Toni 03/03/2022
Leituras de 2022 | Cortesia da editora
Nove partes de um coração [2018]
Janice Pariat (Índia, 1953-)
Moinhos, 2021, 164 p.
Trad. Camila Araújo
Se é verdade, como dizia Bakhtin, que “nossa individualidade não teria existência se o outro não a criasse” (cit. “O autor e o herói”), o romance “Nove partes de um coração”, da indiana Janice Pariat, é a mais pura expressão desse pensamento ético-estético. Nele, uma mesma mulher – sem nome e sem toponímicos capazes de circunscrevê-la a geografias determinantes (ainda que certas cidades possam, às vezes, ser identificadas) – é narrada pela perspectiva de nove pessoas que cruzam seu caminho em alguma fase da vida ou lugar do mundo. Um mosaico que, longe da pretensão de totalidade, nos faz refletir sobre os encontros que nos definem ao interpelarmos outras pessoas e sermos por elas interpelados.
É curioso que após a leitura de “O avesso da pele” este tenha sido o 1º livro que peguei da estante—e bastou uma espiada para perceber a mesma escrita endereçada a um você (a mulher-centro-da-narrativa). Julguei (porque adoramos atribuir sentido ao acaso) que fosse razão suficiente para começar logo a leitura e recebi, em troca, capítulo atrás de capítulo de muita beleza. O primeiro, narrado por uma professora de ensino fundamental, me levou às lágrimas. Sem dúvida que Pariat não inventa a roda (não que isso seja minimamente relevante), mas o que há de novo aqui talvez seja sua habilidade de fazer uma personagem ser todo o romance, ainda que o romance não dê conta de traduzir em palavras toda a personagem.

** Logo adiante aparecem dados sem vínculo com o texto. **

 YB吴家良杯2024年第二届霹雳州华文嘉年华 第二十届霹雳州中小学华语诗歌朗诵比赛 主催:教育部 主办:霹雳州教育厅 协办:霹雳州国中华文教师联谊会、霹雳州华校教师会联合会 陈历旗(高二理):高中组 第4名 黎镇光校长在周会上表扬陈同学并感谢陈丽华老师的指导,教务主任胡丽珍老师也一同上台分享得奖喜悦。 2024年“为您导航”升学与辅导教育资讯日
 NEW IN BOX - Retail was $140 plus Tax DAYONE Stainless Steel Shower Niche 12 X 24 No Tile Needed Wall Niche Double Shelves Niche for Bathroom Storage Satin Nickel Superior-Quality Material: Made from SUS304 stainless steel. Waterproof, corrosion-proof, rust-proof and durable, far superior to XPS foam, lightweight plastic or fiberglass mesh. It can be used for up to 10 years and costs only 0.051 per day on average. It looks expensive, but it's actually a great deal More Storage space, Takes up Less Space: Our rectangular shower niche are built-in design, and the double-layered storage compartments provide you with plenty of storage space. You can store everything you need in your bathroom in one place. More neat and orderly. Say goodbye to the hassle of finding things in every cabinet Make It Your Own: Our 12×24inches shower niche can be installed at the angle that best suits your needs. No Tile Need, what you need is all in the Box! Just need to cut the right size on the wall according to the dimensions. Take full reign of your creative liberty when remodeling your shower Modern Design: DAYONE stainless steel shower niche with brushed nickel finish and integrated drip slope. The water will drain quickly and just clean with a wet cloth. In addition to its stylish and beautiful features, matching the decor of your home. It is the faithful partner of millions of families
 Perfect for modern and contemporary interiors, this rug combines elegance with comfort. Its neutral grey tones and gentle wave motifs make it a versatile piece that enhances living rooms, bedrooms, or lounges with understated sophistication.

Convém, talvez, finalizar com outra filósofa que também refletiu sobre nossa dependência fundamental do outro, Judith Butler: “Quando pedimos para conhecer o outro, ou pedimos que o outro diga, final ou definitivamente, quem é, é importante não esperar nunca uma resposta satisfatória. Quando não buscamos a satisfação e deixamos que a pergunta permaneça aberta e perdure, deixamos o outro viver, pois a vida pode ser entendida exatamente como aquilo que excede qualquer relato que dela possamos dar.” “Nove partes…” é um belo exercício de olhar e recomendo com todos os pedaços que me restam.